## What to produce
Set down, word for word, every line of the material below from the one containing "1.把包好的巧克力放在保鮮袋裡,準備一碗熱水,把這個巧克力放在裡面化開。" through the one containing "Na rušné Múzeum", but none of its pictures.

━━━━━ Data to process

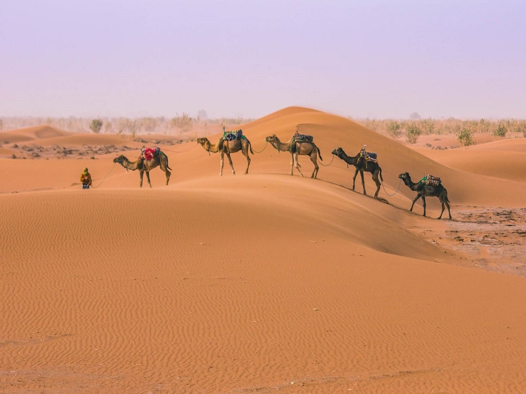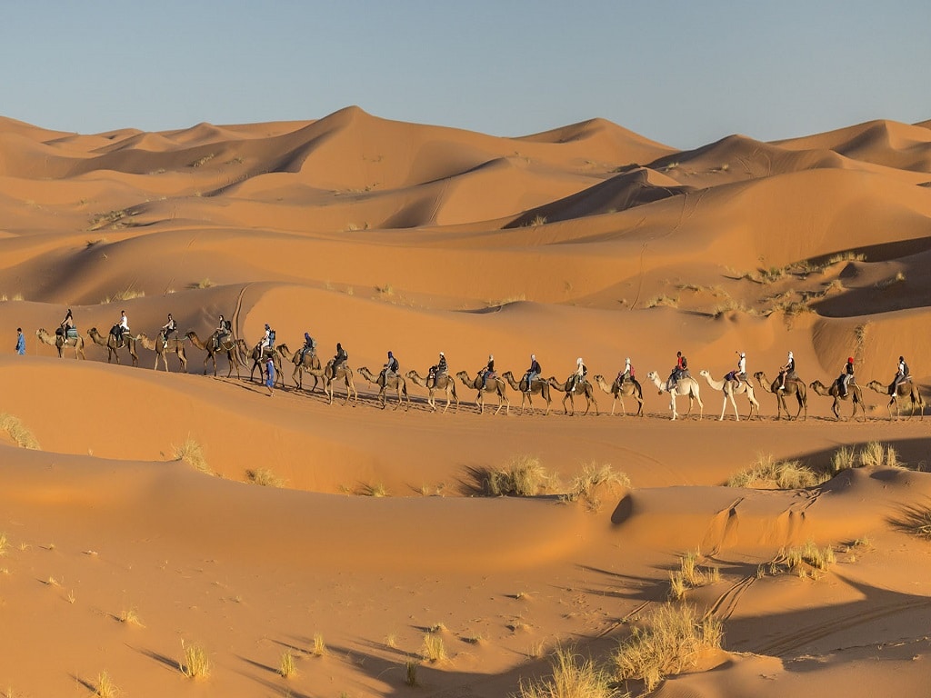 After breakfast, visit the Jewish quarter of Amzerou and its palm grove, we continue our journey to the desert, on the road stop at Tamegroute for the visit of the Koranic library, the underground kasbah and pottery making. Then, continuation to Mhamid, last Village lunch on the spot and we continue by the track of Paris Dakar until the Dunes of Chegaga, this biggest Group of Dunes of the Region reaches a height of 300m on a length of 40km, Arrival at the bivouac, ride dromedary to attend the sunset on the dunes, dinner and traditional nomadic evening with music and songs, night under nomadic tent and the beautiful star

━━━━━━━━━━
━━━━━ Data to process

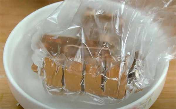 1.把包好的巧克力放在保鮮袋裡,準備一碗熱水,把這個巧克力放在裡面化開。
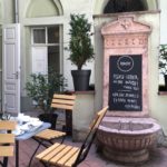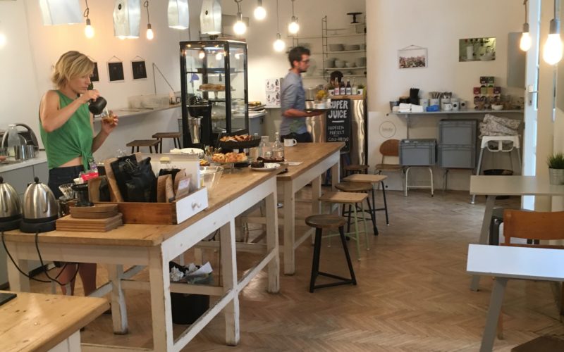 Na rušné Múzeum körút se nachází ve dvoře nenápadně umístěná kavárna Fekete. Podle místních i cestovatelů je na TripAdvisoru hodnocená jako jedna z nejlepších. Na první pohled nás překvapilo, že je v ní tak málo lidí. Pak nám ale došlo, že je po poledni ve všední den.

━━━━━━━━━━
━━━━━ Data to process

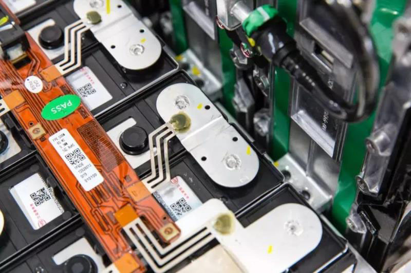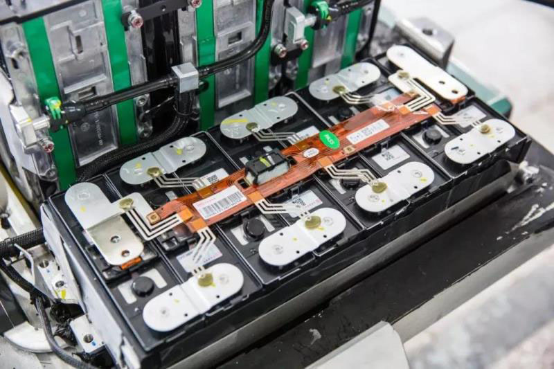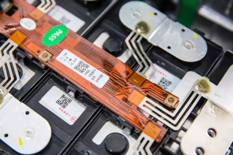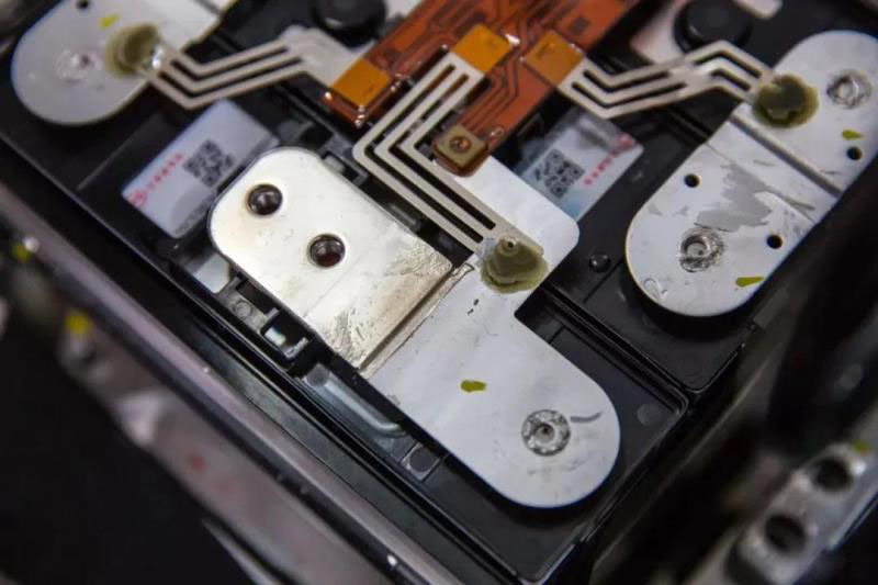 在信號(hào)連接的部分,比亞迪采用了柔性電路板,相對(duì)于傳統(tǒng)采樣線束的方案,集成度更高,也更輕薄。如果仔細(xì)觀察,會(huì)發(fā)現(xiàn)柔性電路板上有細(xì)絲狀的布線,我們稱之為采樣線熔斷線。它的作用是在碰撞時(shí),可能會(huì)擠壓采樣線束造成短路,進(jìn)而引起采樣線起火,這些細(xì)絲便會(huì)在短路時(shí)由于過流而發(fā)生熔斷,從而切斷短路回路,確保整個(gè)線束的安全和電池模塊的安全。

━━━━━━━━━━

## Answer to this task
 1.把包好的巧克力放在保鮮袋裡,準備一碗熱水,把這個巧克力放在裡面化開。
 Na rušné Múzeum körút se nachází ve dvoře nenápadně umístěná kavárna Fekete. Podle místních i cestovatelů je na TripAdvisoru hodnocená jako jedna z nejlepších. Na první pohled nás překvapilo, že je v ní tak málo lidí. Pak nám ale došlo, že je po poledni ve všední den.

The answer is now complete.